Chapter 28 of 34 · 3286 words · ~16 min read

Part 28

We went along pretty slowly last night, for only the faintest of breezes came whispering over the Pacific; and it was so still that we could plainly hear the sighing of porpoises as they rolled languidly through the water alongside, a brilliant flash of phosphoric light showing where each disappeared. At daylight this morning, though, a delightful breeze came singing out of the east-southeast, and by nine o’clock we were making seven knots, doing twenty-nine miles in the forenoon watch,--no mean speed for the equatorial ocean. It seems that the light spell was only a lull in the Trades, for there are plenty of indications of wind round about.

At 4.30 yesterday, after pumping, I had yet another conversation with the doughty Scot. “Have ye taken notice of the way the mate’s slacked up on the men?” he asked; “that’s a bad sign, now. Here’s this man cut; before ye’ll remember how he used to shout and charge around the decks. What do ye hear from him now? Nothin’ at all. I haven’t heard him raise his voice to one o’ the men since Wednesday night. Why? ’Cause he’s scared. He’s in a funk; and I have the task o’ keepin’ the ship in order forrad. One o’ them, Tim, was goin’ to get ugly this forenoon; but I turned on him sharp and says, ‘See here, now, drop that; you’ve laid one man out, haven’t you? You have; but I’m d---- if you’re goin’ to lay me out,’ says I, and that settled it for the time. Who’ve I got to depend on if they do break out? The mate’s no good, and t’other bosun’s only a child. When Mr. Rarx gets up again you’ll see some fireworks. Did ye ever hear anythin’ about Cap’n Slocum in the ‘D. G. Tillie’? He’s another hard nut. I was comin’ around in her once from Baltimore, bound to ’Frisco with a load o’ coal. One o’ the men forgot to say ‘sir’ to the second mate one day in a hard squall; so Slocum clapped the irons on him, and then near beat the life out of him with a fid. This little bit o’ fun, though, I heard cost him near two thousand dollars. I’ll tell ye the ships you’d ought to sail in if ye make another voyage,--one of the Loch Line; they’re grand ships, and run like men-o’-war; I’ve been in them, and they’re the best that sails the seas.”

They are, doubtless, the best run sailing ships in the world, and were built not alone to carry agricultural implements and wool in the London-Melbourne trade, but to take out passengers as well.

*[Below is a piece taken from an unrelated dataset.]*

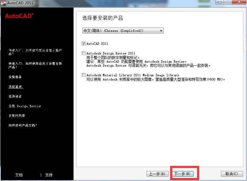 3.成功打开AutoCAD2011的安装界面:选择“安装产品”
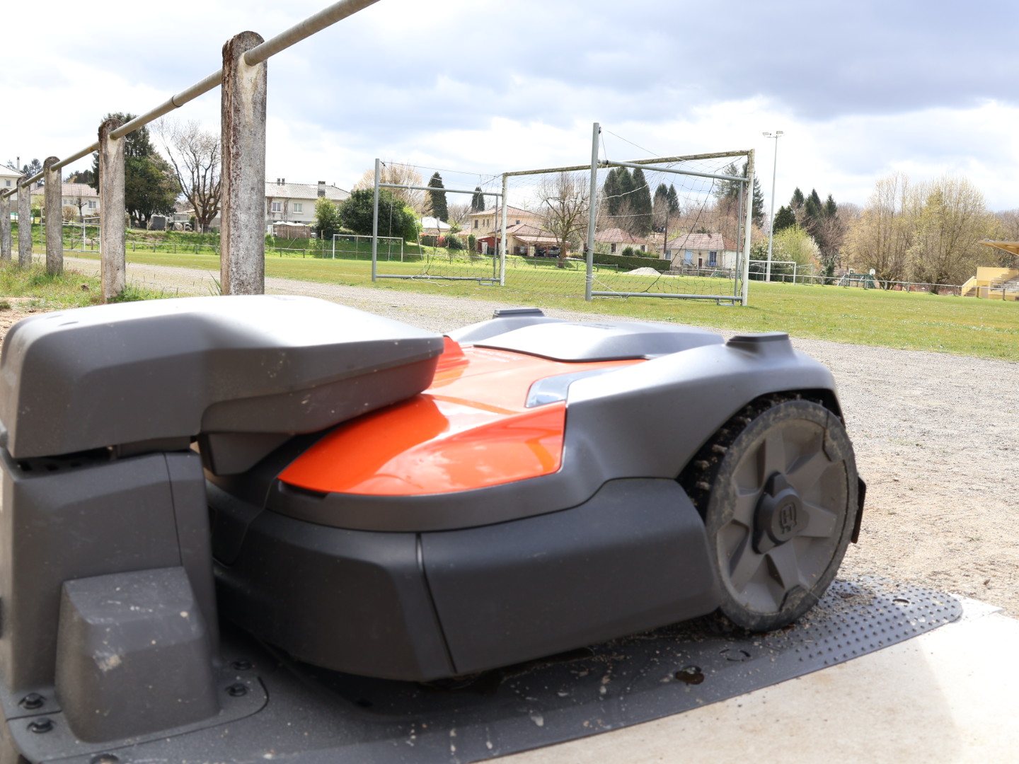 Après la réalisation de l’éclairage du stade en décembre 2025, la municipalité a fait l’acquisition d’un robot de tonte mis en service fin mars.

There are fifteen of them, and all named after Scottish lochs, and they vary in size from twelve hundred to two thousand tons. If all ships were as fast as the “Loch Torridon,” tramp steamers would be at a discount. This vessel goes wherever she can find a charter, and has made a number of wonderful records. She holds the best record for a deep-loaded ship from Newcastle, Australia, to San Francisco,--forty-six days. In 1891 she made the passage from Sydney to London, wool-laden, in eighty days, beating a fleet of seventy-eight vessels, similarly loaded and bound to the United Kingdom. It was on this voyage that Captain Pattman, who has commanded the ship for sixteen years, made a record that is simply marvellous, by sailing from the Diego Ramirez to the Lizard in forty-one days! In 1892 the “Loch Torridon,” in ballast, went out to Melbourne from London in sixty-nine days, and the consecutive runs for nine days were, in knots, 302, 290, 288, 272, 285, 282, 270, 327, and 341; and from Saturday noon to Saturday noon the ship made 2119 knots, an average of 303 knots per day, or about thirteen miles per hour. Another fast passage of this gallant ship was from Newcastle, Australia, to Valparaiso in thirty days. It is easy to imagine the intense pride that a ship-master must feel in such a vessel. Her picture appears on the opposite page. It is a pity that her royals are clewed up.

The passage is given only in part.